Estiamte a multiple regression of wage using IQ, educ, exper, urban. Provide a histogram of the error terms.

10.2.1.1 Guidance

model_3 <- lm(wage ~ IQ + educ + exper + urban, data = wage2) 
wage2$resid_m3 <- residuals(model_3)

Plot the residuals to see the distribution.

ggplot(wage2, aes(x = resid_m3)) + 
  geom_histogram(binwidth = 200, fill = "skyblue", color = "black") + 
  labs(title = "Histogram of Residuals (model_3)", x = "Residuals", y = "Frequency") + 
  theme_minimal()

  • aes(x = resid) specifies the residuals as the variable for the x-axis.
  • geom_histogram() is used to create the histogram:
    • binwidth = 200 controls the width of the bins. You can adjust this depending on how detailed you want the histogram to be.
    • fill sets the color inside the bars, and color adds a border around them for better visibility.
  • labs() adds labels for the title and axes.
  • theme_minimal() gives a clean, simple look to the plot - try the plot with and without this.

You may also let ggplot choose the number of bins automatically:

ggplot(wage2, aes(x = resid_m3)) +
  geom_histogram(fill = "pink", color = "black") +
  labs(title = "Histogram of Residuals (model_3)", x = "Residuals", y = "Frequency") +
  theme_minimal()
`stat_bin()` using `bins = 30`. Pick better value with `binwidth`.

10.3 Example 3: Line plots using Gap_sales data

The following examples are from the “introduction to time series analysis” section.

Start by reading the data

df <- read.csv("~/Desktop/R-workshops/assets/data/GAP_Sales.csv", stringsAsFactors=TRUE)
ggplot(df, aes(x = Time, y = Sales)) +
  geom_line() +
  theme_minimal()

You may add some color and change the size of the line

ggplot(df, aes(x = Time, y = Sales)) +
  geom_line(color = "blue", size = 1) +
  theme_minimal()

In the above plot, although we can see the pattern of the Sales variable quite clearly, the Time variable labels fail to show us the respective quarter values. We may change these labels by using the following lines of code.

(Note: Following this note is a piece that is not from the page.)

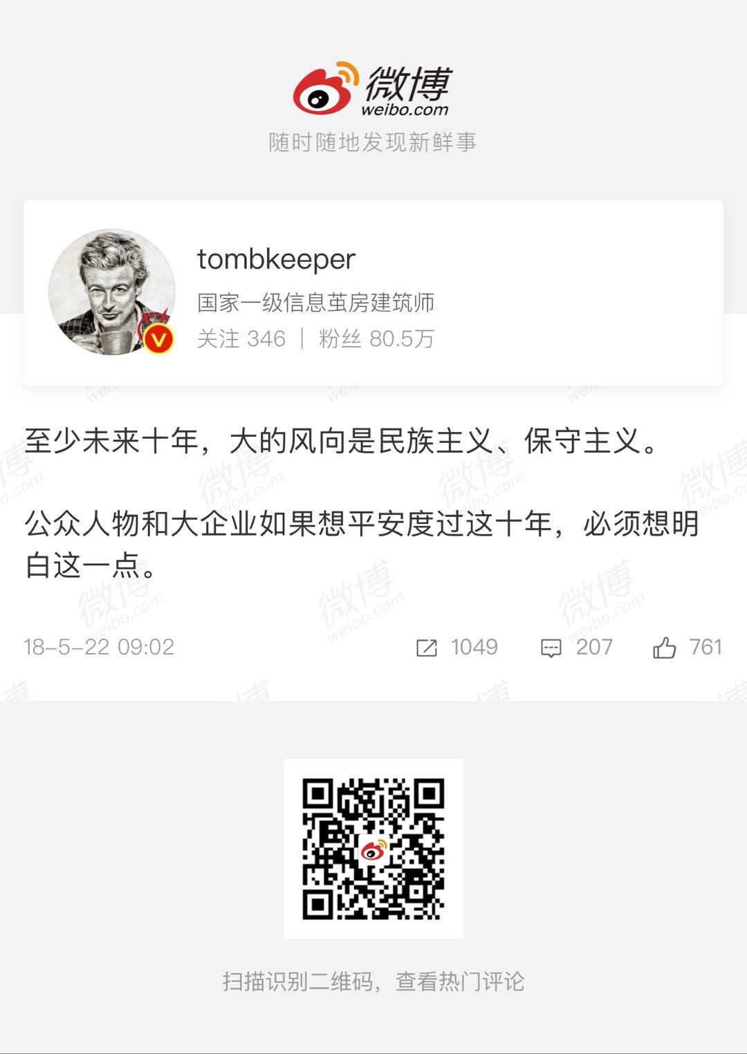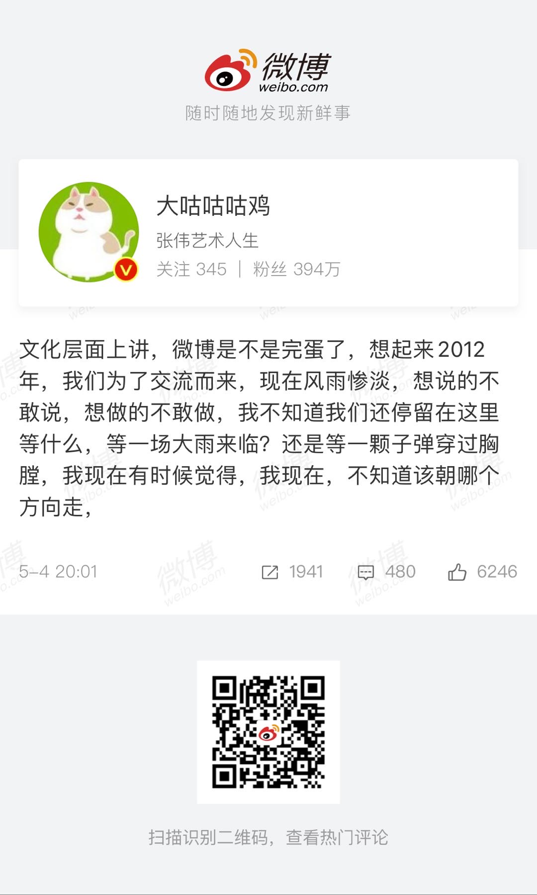 转向微博,古早的12-15年没有经历,就买了本新周刊的微革命,没事回家翻翻。今年5月大咕咕咕鸡发了篇「文化层面讲,微博是不是完蛋了,我们为了交流而来,现在风雨惨淡」引起很多共鸣。之前博主中二怪也发了篇微博,怀念古早互联网的快乐,好像是提了句我们终将再次相遇。

We first define labels to correspond to each data point

# First, create a new column for formatted quarter labels
df$Quarter_label <- paste0(df$Year, ":", df$quarter)

Check the values of Quarter_label in the df. You will see that it goes on like 1985:q1, 1985:q2, and so on. We may now use these labels instead of the values of the Time variable.

ggplot(df, aes(x = Time, y = Sales)) +
  geom_line(color = "blue", size = 1) +
  scale_x_continuous(
    breaks = df$Time,  # Position the breaks at each quarter, i.e. at each value of Time
    labels = df$Quarter_label  # Label each point using Quarter_label variable created above
  ) + # provide a title and axes labels below
  labs(title = "Quarterly GAP Sales", x = "Quarter", y = "Sales") +
  theme_minimal() +
  theme(axis.text.x = element_text(angle = 90, size=6))  # Rotate labels for better readability using the angle option and set the font size for label using size option

# Estimate the model using trend and quarter dummies
df$ln_sales = log(df$Sales)
model_3 <- lm(ln_sales ~ Time + Q2 + Q3 + Q4, data = df)
# Obtain predictions from model_3
df$ln_sales_hat_m3 <- predict(model_3)

Plot the actual values against predictions to see the improvement by the inclusion of the quarter

# Plot actual versus predicted log sales
ggplot(df, aes(x = Time)) +
  geom_line(aes(y = ln_sales, color = "Actual")) +
  geom_line(aes(y = ln_sales_hat_m3, color = "Predicted")) +
  theme_minimal() +
  labs(title = "Actual versus predicted logarithmic sales", x = "Time", y = "logarithmic sales")

Change the color of the lines

ggplot(df, aes(x = Time)) +
  geom_line(aes(y = ln_sales, color = "Actual")) +
  geom_line(aes(y = ln_sales_hat_m3, color = "Predicted")) +
  scale_color_manual(values = c("Actual" = "blue", "Predicted" = "red")) +
  theme_minimal() +
  labs(title = "Actual versus predicted logarithmic sales", x = "Time", y = "logarithmic sales")